My grandma is preparing to sell her RV and had my dad and I look over it and we found that all 3 batteries were dead. The starting battery had discharged to 4 volts, and the house batteries were both at 6 volts. Our trickle charger was able to save both the house batteries but would not even acknowledge the existence of the starting battery.

Since I do car audio, I have dual 250-amp 3-phase hairpin alternators from Custom Electric plus dual batteries in the back so I got an idea.

I got my jumper cables and connected my starting battery to the RV's and let my car idle for about 15 minutes, took the jumpers off, and it was now resting at 10 volts although slowly discharging but not nearly as bad as it was before. I quickly grabbed the battery and ran it up into the garage and connected it to the trickle charger which now turned on and began to finish recovering the battery.

If it's stupid but it works... it's stupid... but it works.
 
Good reason to keep a dumb lump buzz box charger around.

Pics of your setup?
 
Originally Posted by eljefino
Good reason to keep a dumb lump buzz box charger around.

Pics of your setup?

The charger we had was a dumb lump buzz box from the 70s, and I have a newer Schumacher one as well.

Also what do you want to see? How I accomplished this or how my alternators and batteries are all together?
 
iI think there were some youtube vids about guys recovering old nickel and lead acid batteries from power tools by blasting with high amperage, just tapping it on the terminals. Something about desulfating the plates? Just the thiught scares me, but maybe some people with bigger stones than me can try.
 
That works (sometimes) on ni-cads. Ni-cads get strands between the layers that short out the battery, a blast at high amps burns them out and the battery will work again.
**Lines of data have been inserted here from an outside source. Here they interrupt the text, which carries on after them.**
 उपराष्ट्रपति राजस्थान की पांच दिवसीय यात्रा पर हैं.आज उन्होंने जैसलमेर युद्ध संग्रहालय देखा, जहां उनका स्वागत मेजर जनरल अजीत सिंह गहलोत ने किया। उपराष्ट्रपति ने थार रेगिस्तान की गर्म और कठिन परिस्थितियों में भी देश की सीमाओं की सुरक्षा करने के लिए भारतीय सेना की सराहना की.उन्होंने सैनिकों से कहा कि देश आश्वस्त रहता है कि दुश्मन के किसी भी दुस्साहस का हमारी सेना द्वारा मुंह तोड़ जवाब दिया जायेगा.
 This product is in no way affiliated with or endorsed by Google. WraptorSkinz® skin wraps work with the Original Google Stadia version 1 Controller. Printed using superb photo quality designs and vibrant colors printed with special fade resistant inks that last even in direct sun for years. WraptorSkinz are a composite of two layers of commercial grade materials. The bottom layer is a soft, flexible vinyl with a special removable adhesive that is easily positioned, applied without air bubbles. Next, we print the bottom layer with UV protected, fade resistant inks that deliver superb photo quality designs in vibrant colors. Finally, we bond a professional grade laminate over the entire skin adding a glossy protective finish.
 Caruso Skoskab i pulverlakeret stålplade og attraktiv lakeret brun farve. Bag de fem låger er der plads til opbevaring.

I wouldn't try it on a lead acid battery on a bet.
 
Okay here is pictures of my setup.

Here is the alternator, Custom Electric 250-amp hairpin 3-phase
[Linked Image]


Here is my starting battery, I beat out the sides of my battery tray with a hammer and shoved in a Walmart-special 24F in place of the old 51R, with an improvised tie-down until I find something better.
[Linked Image]


The above are both old pictures, I've since attached a run of 1/0 gauge OFC wire from the alternator direct to the battery:
[Linked Image]


Here's in the back of the car, the batteries are behind the speaker box and not visible in the picture.
[Linked Image]


Last but not least, tonight's festivities:
[Linked Image]
 
Originally Posted by cwilliamsws6
If any of you remember my redneck ELD bypass story then you'll probably know the general direction this is headed.

My grandma is preparing to sell her RV and had my dad and I look over it and we found that all 3 batteries were dead. The starting battery had discharged to 4 volts, and the house batteries were both at 6 volts. Our trickle charger was able to save both the house batteries but would not even acknowledge the existence of the starting battery.
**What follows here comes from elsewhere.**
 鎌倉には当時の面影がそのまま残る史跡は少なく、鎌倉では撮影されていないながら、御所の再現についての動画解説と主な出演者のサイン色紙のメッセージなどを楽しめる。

Since I do car audio, I have dual 250-amp 3-phase hairpin alternators from Custom Electric plus dual batteries in the back so I got an idea.
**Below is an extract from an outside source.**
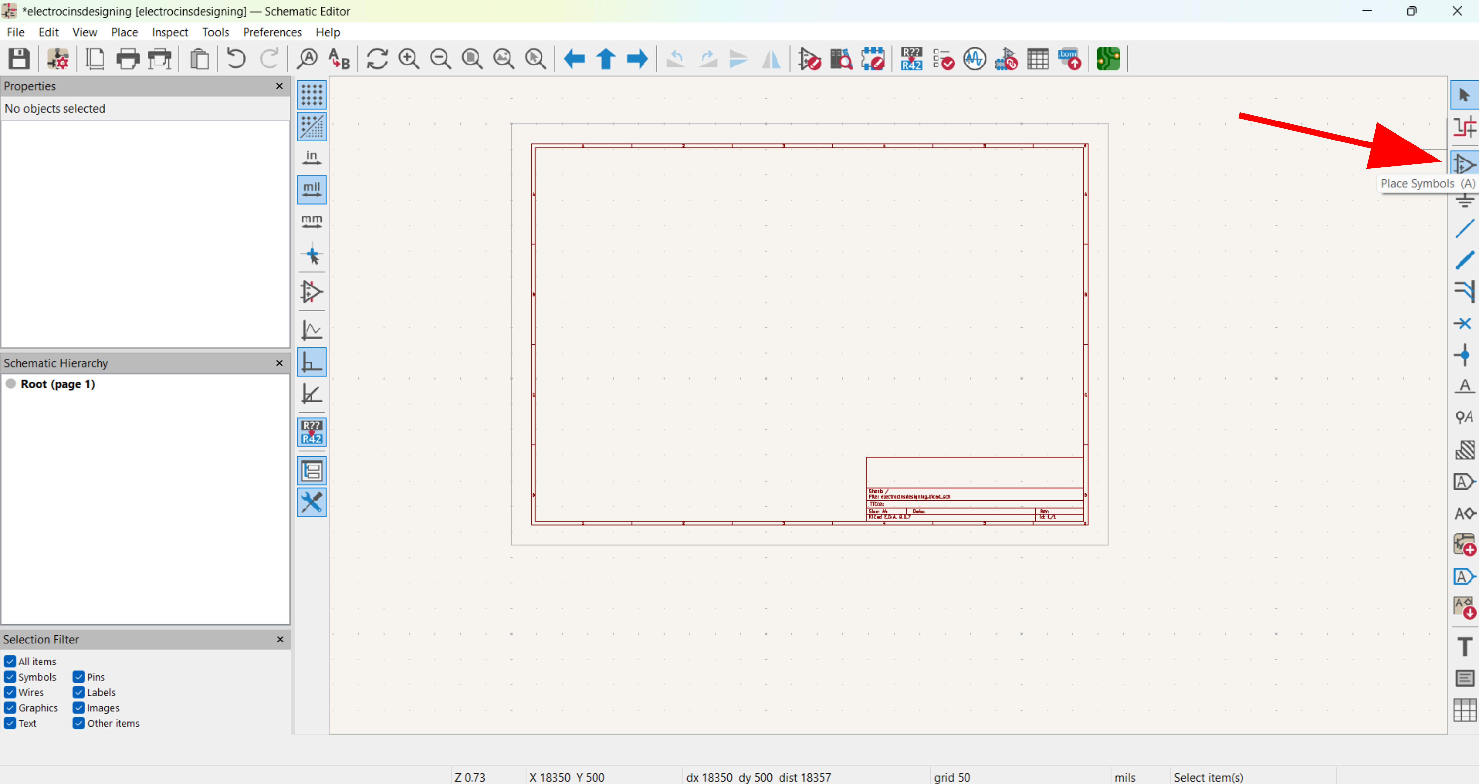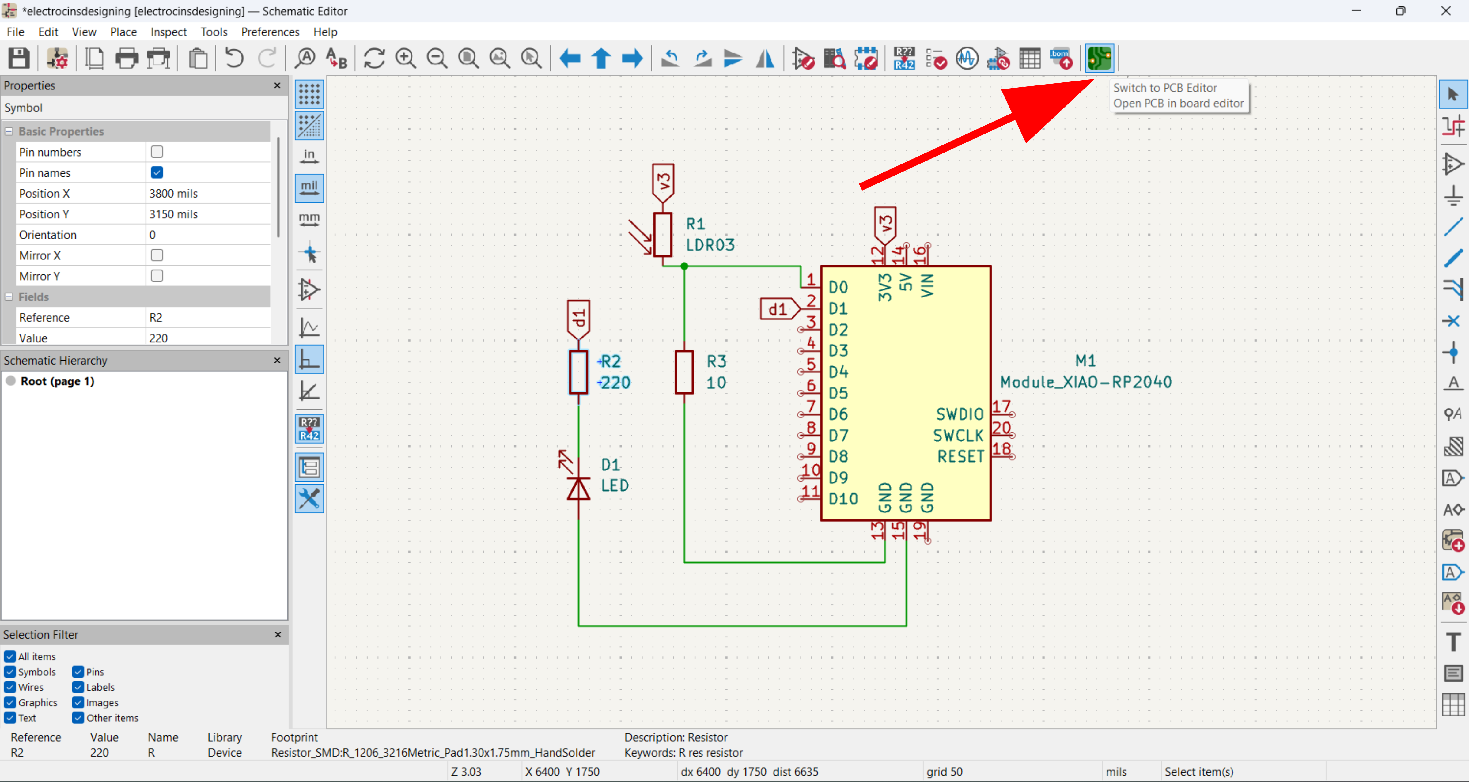 I opened the Schematic Editor and used the Symbol Tool to add the XIAO RP2040 microcontroller

I got my jumper cables and connected my starting battery to the RV's and let my car idle for about 15 minutes, took the jumpers off, and it was now resting at 10 volts although slowly discharging but not nearly as bad as it was before. I quickly grabbed the battery and ran it up into the garage and connected it to the trickle charger which now turned on and began to finish recovering the battery.

If it's stupid but it works... it's stupid... but it works.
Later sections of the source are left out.